Both the inducing point method and the Variational Gaussian process are fundamentally represented by the following probabilistic model. In this sense, the two are quite similar.

Below figure shows the structure of model. The $X$ represents the entire set of data points, $f$ is the random variable representing the entire dataset, $Z$ denotes the inducing points, $u$ represents the probability distribution over the inducing points, and $Y$ is the random variable of the target function derived from the explanatory variable $f$ . To represent the model, basically 2 models (SoR and FITC) are used.

Subset of Regressors (SoR)

The purpose of this method (which is so called SoR) is to apporximate gram matrix $K_{nn}$ with $K_{nm} K_{mm}^{-1} K_{mn}$ . To consider the approximation, joint probability of $\mathbf{f}, \mathbf{u}$ is introduced.

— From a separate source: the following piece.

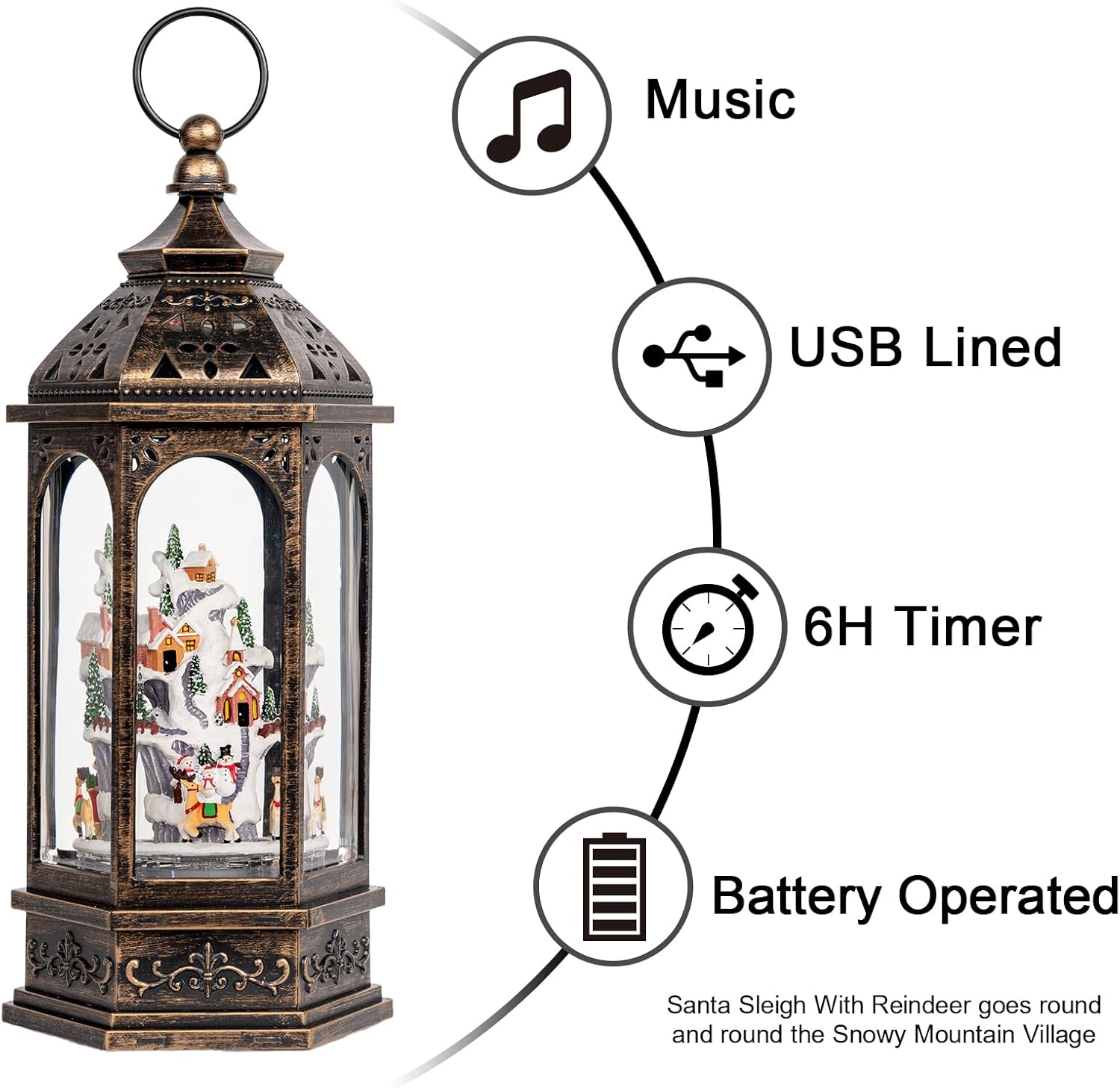 - 🎄【Animated Snow Globe】This water lantern lighted christmas village scene. Snowy mountain village with snowmen family, colorful houses, and a church with a steeple. Santa Claus rides his flying reindeer circling round and round in swirling glitter to gives our Christmas globe a whimsical look for the Christmas Holiday season.

\begin{bmatrix} \mathbf{f} \\ \mathbf{u} \end{bmatrix} \sim \mathcal{N}\left( \mathbf{0}, \begin{bmatrix} \mathbf{K}_{nn} & \mathbf{K}_{nm} \\ \mathbf{K}_{mn} & \mathbf{K}_{mm} \end{bmatrix} \right)\\

Since the probability of both f and u are Gaussian distribution, the probability of f given u is explicitly written as follows

\begin{align} f \mid u \sim \mathcal{N}\left(\mathbf{K}_{nm} \mathbf{K}_{mm}^{-1} \mathbf{u}, \mathbf{K}_{nn} - \mathbf{K}_{nm} \mathbf{K}_{mm}^{-1} \mathbf{K}_{mn}\right) \end{align}

This is a simple method with induction points, but has low approximation accuracy.

Fully Independent Training Conditional(FITC)

The Fully Independent Training Conditional(FITC) improves on SoR by providing an approximation that takes into account the conditional dependencies between observations. The FITC approximates $K_{nn}$ as follows

K_{nn} \approx \underbrace{Q_{nn}}_{\text{Low-rank approximation via inducing points}} + \underbrace{\text{diag}(K_{nn} - Q_{nn})}_{\text{Independent variance of non-inducing observations}}.\\ \text{where} \space \mathbf{Q}_{nn} = \mathbf{K}_{nm} \mathbf{K}_{mm}^{-1} \mathbf{K}_{mn}.

As you can see in the covariance matrix, It is represented by the first term, which is a low-rank approximation via inducing points, and the second term, which accounts for the independent variance of non-inducing observations. Anyway, prior distribution of f is

f \sim \mathcal{N}(\mathbf{0}, \mathbf{Q}_{nn} + \text{diag}(\mathbf{K}_{nn} - \mathbf{Q}_{nn}))

And the distribution of f given u is written as follows

\begin{align} f \mid u \sim \mathcal{N}(\mathbf{K}_{nm} \mathbf{K}_{mm}^{-1} \mathbf{u}, \text{diag}(\mathbf{K}_{nn} - \mathbf{Q}_{nn})) \end{align}

As you can see in (5), the covariance matrix of f given u becomes diagonal matrix.

But what does it indicate?

If we use $\mathbf{Q}{nn} + \text{diag}(\mathbf{K}{nn} - \mathbf{Q}_{nn})$ for $\mathbf{K}_{NN}$ , the covariance simply becomes $\text{diag}(\mathbf{K}{nn} - \mathbf{Q}_{nn})$ which is diagonal matrix. It means that computation cost is low.

In practice, more complex models can be considered, but for simplicity, models without dependencies (uncorrelated) between $f$ variables are often used.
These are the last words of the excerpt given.